Visualization of subpopulations with bipartite graphs
Bipartite graphs are useful to represent binary relations between two different classes of objects. We next represented the binary eeSNVs features and the single cells with bipartite graphs using ForceAtlas2 algorithm [24]. We drew an edge (link) between a cell node and a given eeSNV node whenever an eeSNV is detected. The results show that bipartite graph is a robust and more discriminative alternative (Figure 2), comparing to PCA plots (using GE and eeSNVs) as well as SIMLR (using GE). For Kim dataset, bipartite graph separates the three classes perfectly. However, gene based visualization approaches using either PCA or SIMLR have misclassifications. For Ting data, eeSNVs-cell bipartite graph gives clear visualization of all six different subgroups of single cells. Other three approaches have more exaggerated separations among the same mouse circulating tumor cells (CTC) subgroup MP (orange color), but mix some other subpopulations (e.g. GM, MP and TuGMP groups). Miyamoto dataset is the most difficult one to visualize among the four datasets, due to its high number (24) of reference classes and heterogeneity among CTCs. Bipartite graph is not only able to condense the whole populations, but also separate subpopulations (e.g. the orange colored PC subpopulation) much better than the other three methods.
(A) Bipartite graphs using eeSNVs and cell representations. (B) Principle Component Analysis (PCA) results using gene expression. (C) PCA results using eeSNVs. (D) SIMILR results using gene expression.
Characteristics of eeSNVs
Since the selection of eeSNVs is dependent on regularization parameter a, we next explored their relationship. For every dataset, increasing the value of a decreases the number of selected eeSNVs overall (Figure 3A), as well as the average number of eeSNVs associated with every expressed gene (Figure 3B). The optimal a depends on the clustering algorithm and the dataset used (Suppl. Table S1 and Suppl. Figure S4). Increasing the value of a increases the proportion of eeSNVs that have annotations in human dbSNP138 database, indicating that these eeSNVs are biologically valid (Figure 3C). Finally, increasing a generally increases the average number of cells sharing the same eeSNVs, supporting the hypothesis that cancer cells differentiate with a growing number of genetic mutations over time (Figure 3D). Note the slight drop of the average number of cells sharing the same eeSNVs in Kim data when a > 0.6, this is due to over-penalization (eg. a =0.8 yields only 34 eeSNVs). Finally, we also compared the CIS effect of the eeSNVs, i.e. the ability of a given eeSNV to predict the expression of its own gene, (See methods). The vast majority of the eeSNVs, and all top ranked eeSNVs, have a low CIS effect, indicating that eeSNVs are mostly used by the method as predictor to infer the expression of other genes (Suppl. Figure S5).

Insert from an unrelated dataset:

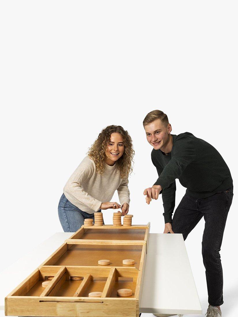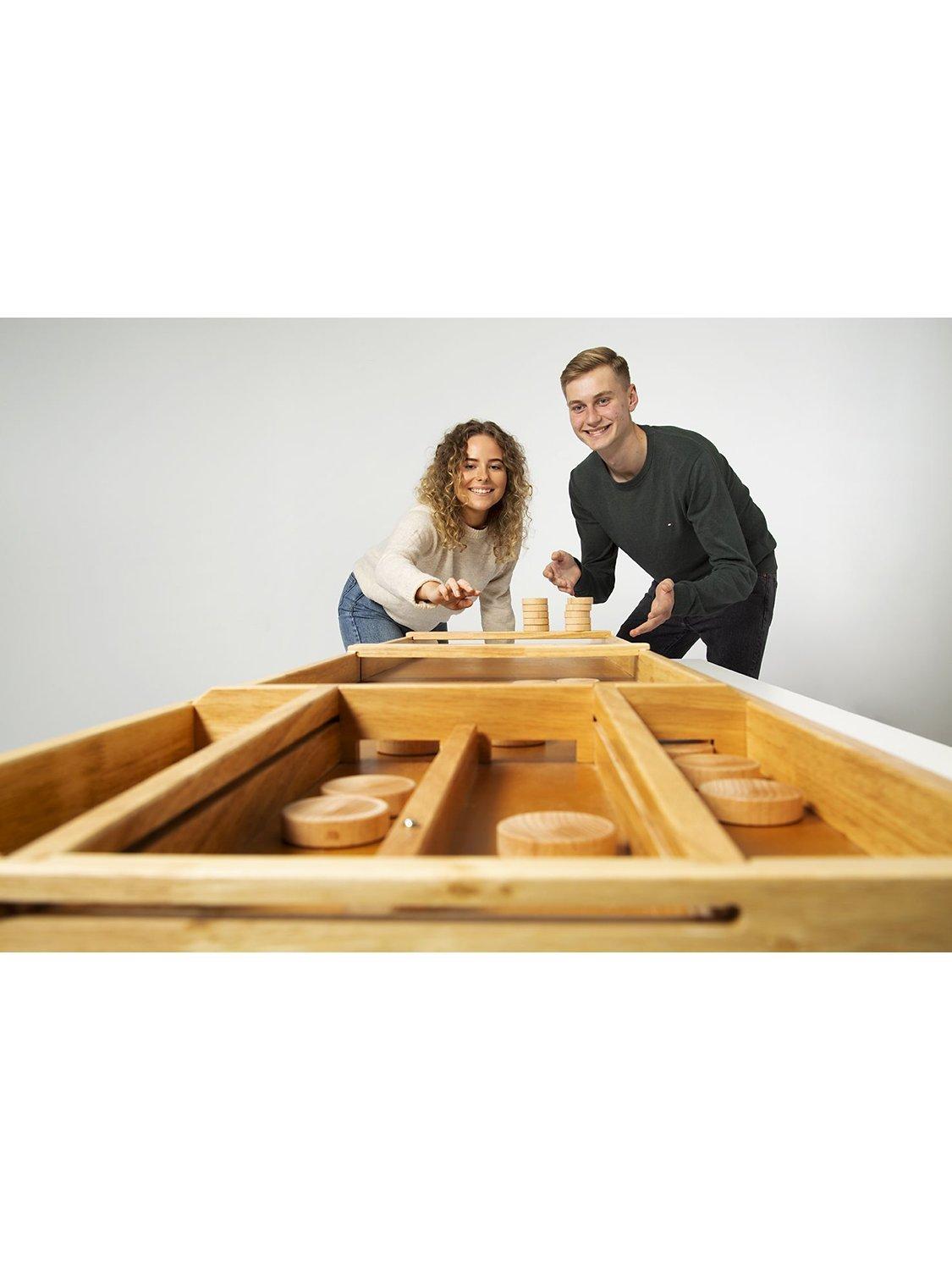 A great game for 2 players or teams, push the discs up the board to score points by getting the discs into the different compartments. The more points the better the score!

X-axis: the regularization parameter a values. And the Y-axes are: (A) Log10 transformation of the number of eeSNVs. (B) The average number of eeSNVs per gene. (C) The proportion of SNVs with dbSNP138 annotations (human datasets). (D) The average number of cells sharing eeSNVs. Insert: Patel dataset.
Cancer relevance of eeSNVs
To further explore the biological functions, we ranked the different eeSNVs and the genes harboring them, using eeSNVs’ coefficients from SSrGE models (Suppl. Tables S2). We found that eeSNVs from multiple genes in Human Leukocyte Antigen (HLA) complex, such as HLA-A, HLA-B, HLA-C and HLA-DRA, are top ranked in all three human datasets (Table 2 and Suppl. Tables S2). HLA is a family encoding the major histocompatibility complex (MHC) proteins in human. Beta-2-microglobulin (B2M), on the other hand, is ranked 7th and 45th in Ting and Patel datasets, respectively (Table 2). Unlike HLA that is present in human only, B2M encodes a serum protein involved in the histocompatibility complex MHC that is also present in mice. Other previously identified tumor driver genes are also ranked top by SSrGE, demonstrating the significance of mutations on cis-gene expression (Table 2 and Suppl. Tables S2). Notably, KRAS, previously linked to tumor heterogeneity by the original scRNA-Seq study (Kim et al., 2015), is ranked 13th among all eeSNV containing genes (Suppl. Tables S2). AR and KLK3, two genes reported to show genomic heterogeneity in tumor development in the original study (Miyamoto et al., 2015), are ranked 6th and 19th, respectively. EGFR, the therapeutic target in Patel study with an important oncogenic variant EGFRvIII (Patel et al., 2014), is ranked 88th out of 4,225 genes. Therefore, genes top-ranked by their eeSNVs are empirically validated.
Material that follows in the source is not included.